On my side, my main worries, so far, are:

  • The differences between BlockNote’s client-side HTML rendering (edit mode) and XWiki’s server-side HTML rendering (view mode). What you see in edit mode is not exactly what you get in view mode. This will be noticeable especially when triggering in-place editing, because the view HTML (from XWiki rendering) is replaced in-place by the edit HTML (from BlockNote’s rendering). Just to give an example, lists are rendered using UL and LI tags by XWiki rendering versus using DIV tags by BlockNote. Of course, we would have this problem with any rich text editor that abstracts the syntax of the edited content.

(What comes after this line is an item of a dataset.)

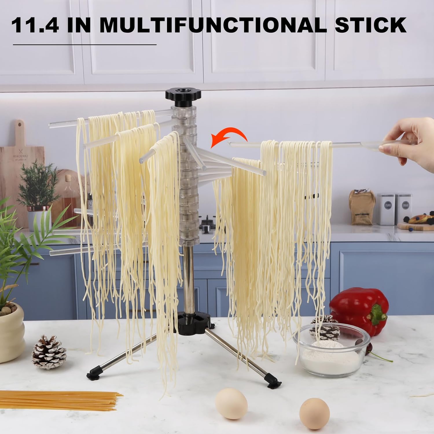 - NO INSTALLATION REQUIRED- The pasta drying rack does not require installation, just take it out of the box and unfold the bottom tripod and place it on the table. This process only takes 10 seconds! The rotary rods makes it much easier to transfer the noodles. No need to move the pasta hanger continuously. Its compact footprint offers ample space for drying all types of long noodles and homemade pastas. Easily dry all long noodles, like spaghetti and fettuccine noodles, angel hair, fettuccini, fusilli, lasagna, even lo mein noodles, and more

  • The syntax mismatch between XWiki and BlockNote. The problem we had before, when integrating CKEditor, was that XWiki syntax is less powerful / expressive than the HTML syntax. Everything written in XWiki syntax could be converted to HTML and thus edited with CKEditor, but not everything that CKEditor was producing (HTML) could be converted to XWiki syntax. In order to mitigate this we had to disable certain CKEditor features. Fortunately, CKEditor has a very powerful configuration system that allows us to specify precisely which HTML elements / attributes are supported by a given wiki syntax, and the editor is disabling automatically all the features that output those elements / attributes. The relation between XWiki’s syntax and BlockNote’s schema (AST) is different though: in some areas (e.g. tables, custom data- attributes, subscript, superscript) the XWiki syntax is more powerful / flexible, while in other areas the BlockNote schema is more powerful (block-level content in blockquote, list item attributes). This means it’s not enough to disable some features of BlockNote in order to avoid losing content on save. We also have to make sure we don’t lose content when Alice edits with BlockNote a page that was last edited by Bob using the wiki editor (i.e. using directly XWiki syntax). Both parts are difficult to implement. On one side, BlockNote is currently not flexible enough to allows us to disable all the features that produce unsupported content. On the other side, we would have to identify and protect somehow (e.g. wrap in a rendering macro to make it read-only?) the content that can’t be edited with BlockNote.
  • The cost of customizing / extending certain parts of BlockNote. When we integrated CKEditor 4, it was already a mature editor with lots of configuration options and APIs for integrators to easily extend it. BlockNote is not there yet, so we’ll have to either hope they will implement the features we need or we’ll have to implement them ourselves, with a significant cost.

I haven’t checked the other editors, but I trust Manuel’s evaluation. It looks like we have to put our faith in BlockNote.